LABOR WILL TACKLE BILL SHOCK FOR CANCER PATIENTS
Labor will work to ensure Australians undergoing surgery and cancer treatment aren’t hit with hidden costs that leave them with huge, unexpected bills.
Labor will invest $10 million to continue the work of cancer and consumer groups to establish a national standard for informed financial consent – giving patients clear and consistent information about the costs they will incur.
Labor will work with surgeons, GPs and other medical specialists, and patient and cancer groups to make costs more transparent, and ensure that when patients are diagnosed with cancer they know what out-of-pocket costs they will incur over the course of their cancer treatment.

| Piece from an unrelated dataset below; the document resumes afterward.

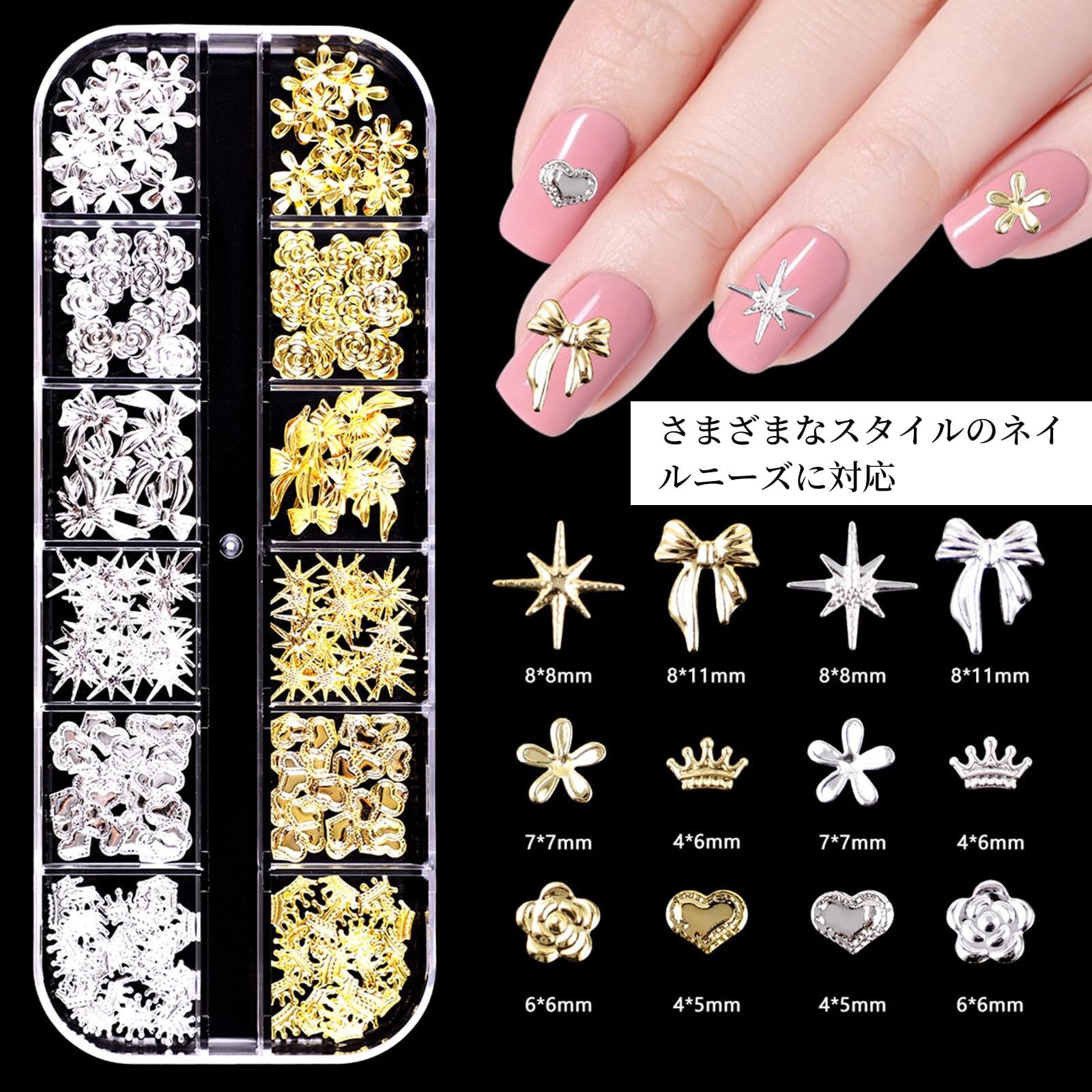 【特価商品】Coollooda ネイルパーツ デコパーツ 2本セット 3D 立体 可愛い スタッズ 星 リボン 月 ハート 花 蝶結び スター 四芒星 王冠 多種類 合金 小さい ネイルストーン ネイルアート パーツ メタル ジェルネイル ジュエリーパーツ ハンドメイド DIY 手芸素材 | Lumisfera

Many patients who have surgery in the private system face unexpected costs, often in the thousands of dollars. At the same time as undergoing treatment, many Australians will have to adjust their employment, dropping hours or even moving from full-time to part-time. This puts additional strain on family budgets, forcing people to borrow money, access their superannuation, re-mortgage their house or increase their credit card limits just to make ends meet.
In addition to the gap costs a patient might normally expect to incur, many incur additional gap fees charged by their surgeon, out-of-pocket costs for anaesthetists, surgical assistants, pathology, administration costs and other hospital fees. And private health insurance rebates differ between insurers and products, adding to complexity and leading to large out-of-pockets in some cases.

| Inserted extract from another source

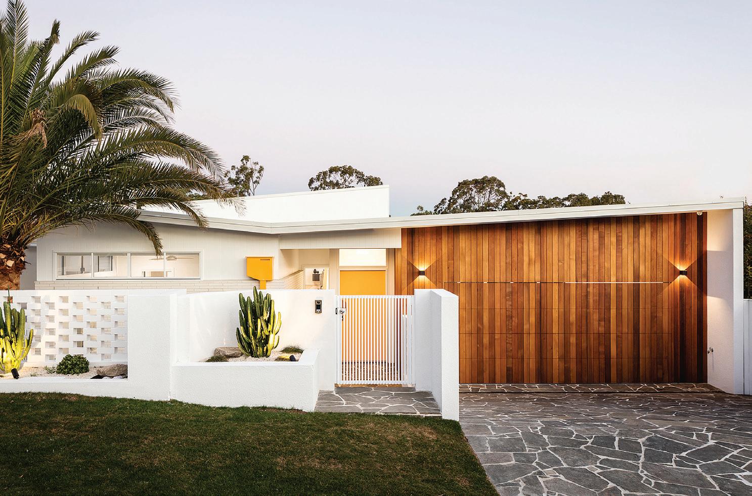 Outstanding materials and textures finish the house off and make it special, namely the cedar cladding which also features as a hidden detail garage door, elongated white brickwork and the crazy paved driveway, providing the beautiful finishing touches to
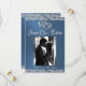 Esta design romântica apresenta um elegante fundo azul com bordas brilhantes, espaço reservado para a foto do casal, e dois corações prateados interligados com a data do evento em um roteiro elegante na frente. O verso tem um marcador de posição monograma, mais informações e lugar para o seu site no verso. Também disponível com diferentes planos coloridos para as cores do tema do casamento. (O brilho é simulado no trabalho de arte). Concebido para coordenar a Coleção de Casamentos "Dois Tornar-se-ão Um - Corações, Doves & Glitter". Para alterar os detalhes, clique em "Personalizar". Substitua a foto pela sua. Para mover o texto ou alterar o tamanho, a fonte ou a cor do texto, clique em "Clique para personalizar mais"

Patients shouldn’t have to face this kind of financial stress at one of the most difficult points in their lives.
Navigating the multiple payments and interaction of private health insurance is daunting enough. When you are sick, the last thing you need is to battle reams of paperwork just to understand what the financial impact of your care will be.
Labor will provide $10 million over two years to establish a ministerial working group to develop the standard, building on the work of Cancer Council Australia and other groups.

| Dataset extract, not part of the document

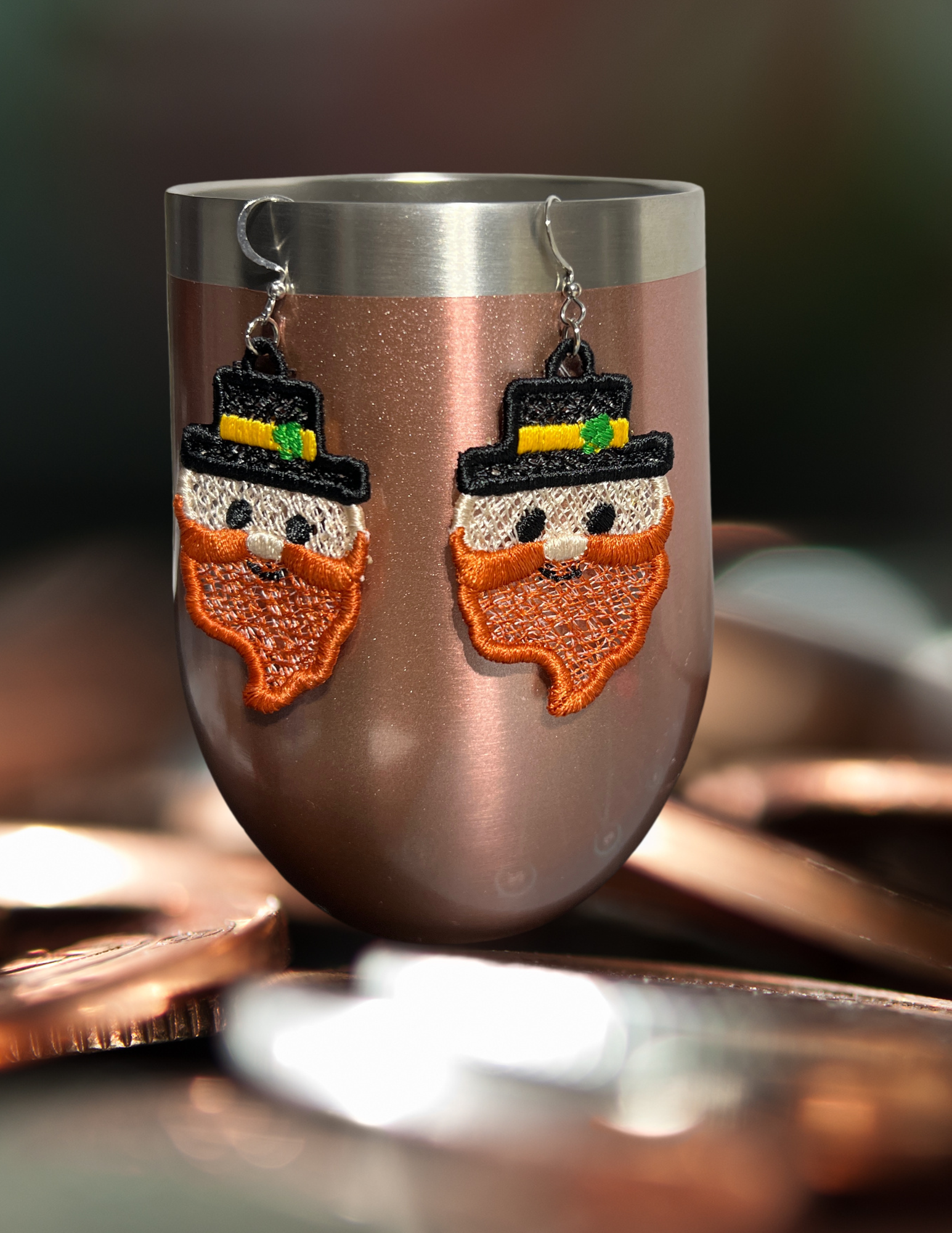 Earrings - Embroidered Leprechaun

Cancer makes you sick, but it shouldn’t make you poor.
This announcement is another part of Labor’s $2.3 billion Medicare Cancer Plan – a plan to make sure it is your Medicare card, not your credit card, that determines your access to health care.
Our Medicare Cancer Plan will deliver cheaper cancer scans, cheaper cancer specialist consultations and cheaper cancer medicines.
The Medicare Cancer Plan will cover an additional 2,000 specialist consultations a day, with no out-of-pocket costs.
For people who need a cancer scan every MRI machine, in every postcode, will be eligible for Medicare.
For CT scans, X-Rays, mammograms, and PET scans, Labor’s plan will cut out-of-pocket costs and provide up to six million free scans.
We will invest $300 million in building and upgrading cancer treatment facilities and $500 million to get people off waiting lists and getting the cancer treatment they need in public hospitals.
We can pay for our Plan because we are making multinationals pay their fair share and closing tax loopholes used by the top end of town.
We’re prioritising health and hospitals, making sure Australians have access to the best medicines and care, because we’d rather have the world’s best health system not the world’s best tax loopholes.
Labor will invest in cancer care, we’ll fight for Medicare and we will always make sure it is your Medicare card, not your credit card, that determines access to health.